Problem details →
Omit any pictures, and restate word for word only the lines from the one with "Zebra Print Teenage" through the end of the data below.

Information shown →
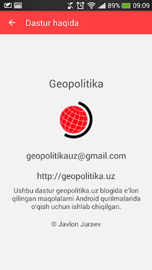 Geopolitika.uz blogi har qanday siyosiy va diniy qarashlardan holi bo'lgan mustaqil nashrdir. Blogda dunyoda yuz berayotgan geopolitik jarayonlarga holis va betaraf baho beruvchi maqolalar e'lon qilib boriladi. Ushbu maqolalar mazmuniga ko'ra ilmiy-pedagogik yo'nalishda bo'lib, o'zbek yoshlarining siyosiy ongini o'stirish hamda jahonda yuz berayotgan geopolitik voqea va hodisalarga to'g'ri baho bergan holda yondashishga yordam berishni ko'zlagan.
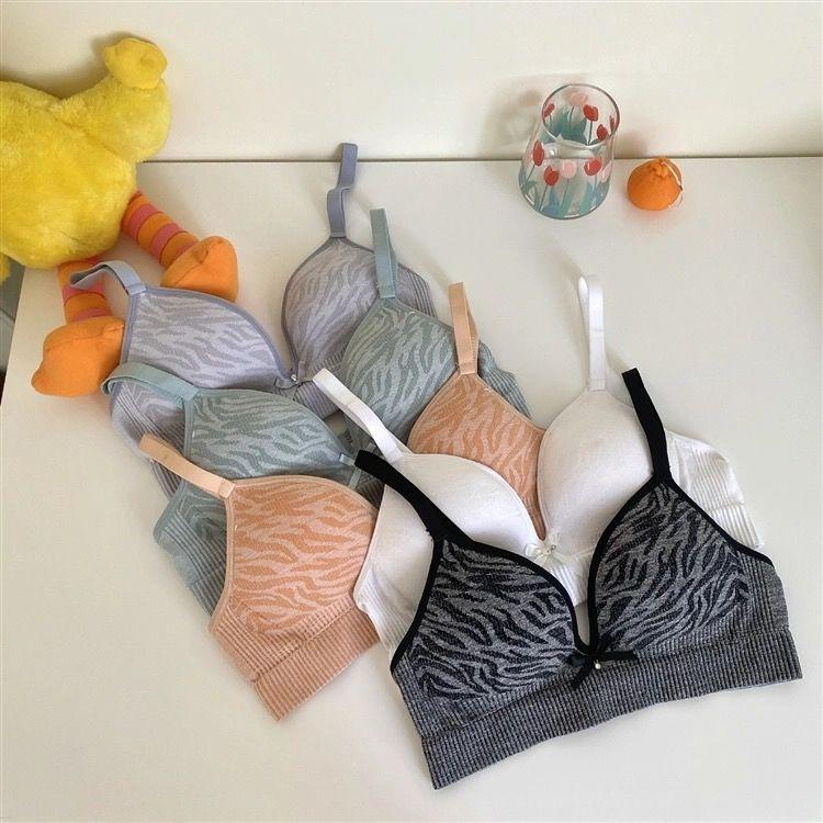 Zebra Print Teenage Bra Wire-Free Thin Breathable Seamless Push-Up Women's Underwear
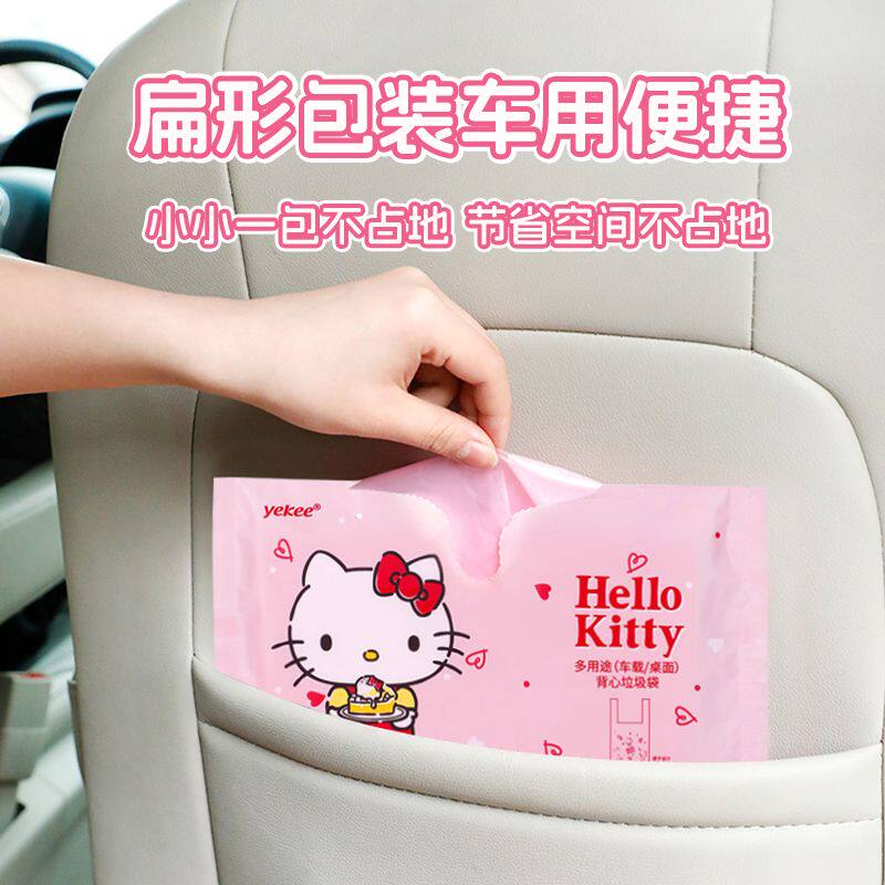 宜洁HelloKitty垃圾袋小号背心式桌面加厚手提车用塑料袋车内收纳
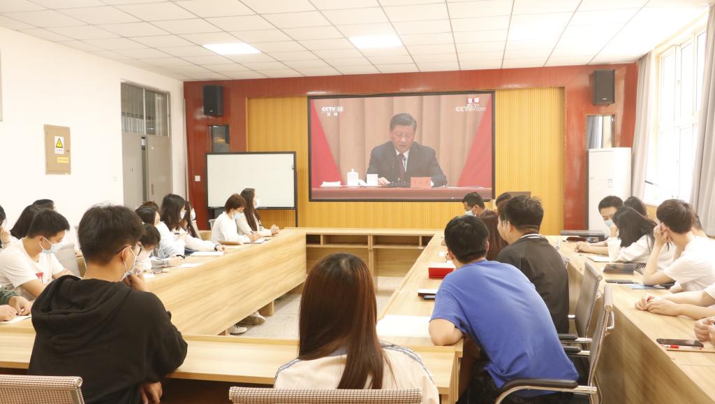 5月10日上午10时,庆祝中国共产主义青年团成立100周年大会在北京人民大会堂隆重举行。中共中央总书记、国家主席、中央军委主席习近平出席大会并发表重要讲话。公司党委组织公司部分师生代表在临潼校区骊山校园实验楼208会议室集中收看庆祝中国共产主义青年团成立100周年大会现场直播,全院各级团学干部和团员青年线上分散收看。

Result of this task →
 Zebra Print Teenage Bra Wire-Free Thin Breathable Seamless Push-Up Women's Underwear
 宜洁HelloKitty垃圾袋小号背心式桌面加厚手提车用塑料袋车内收纳
 5月10日上午10时,庆祝中国共产主义青年团成立100周年大会在北京人民大会堂隆重举行。中共中央总书记、国家主席、中央军委主席习近平出席大会并发表重要讲话。公司党委组织公司部分师生代表在临潼校区骊山校园实验楼208会议室集中收看庆祝中国共产主义青年团成立100周年大会现场直播,全院各级团学干部和团员青年线上分散收看。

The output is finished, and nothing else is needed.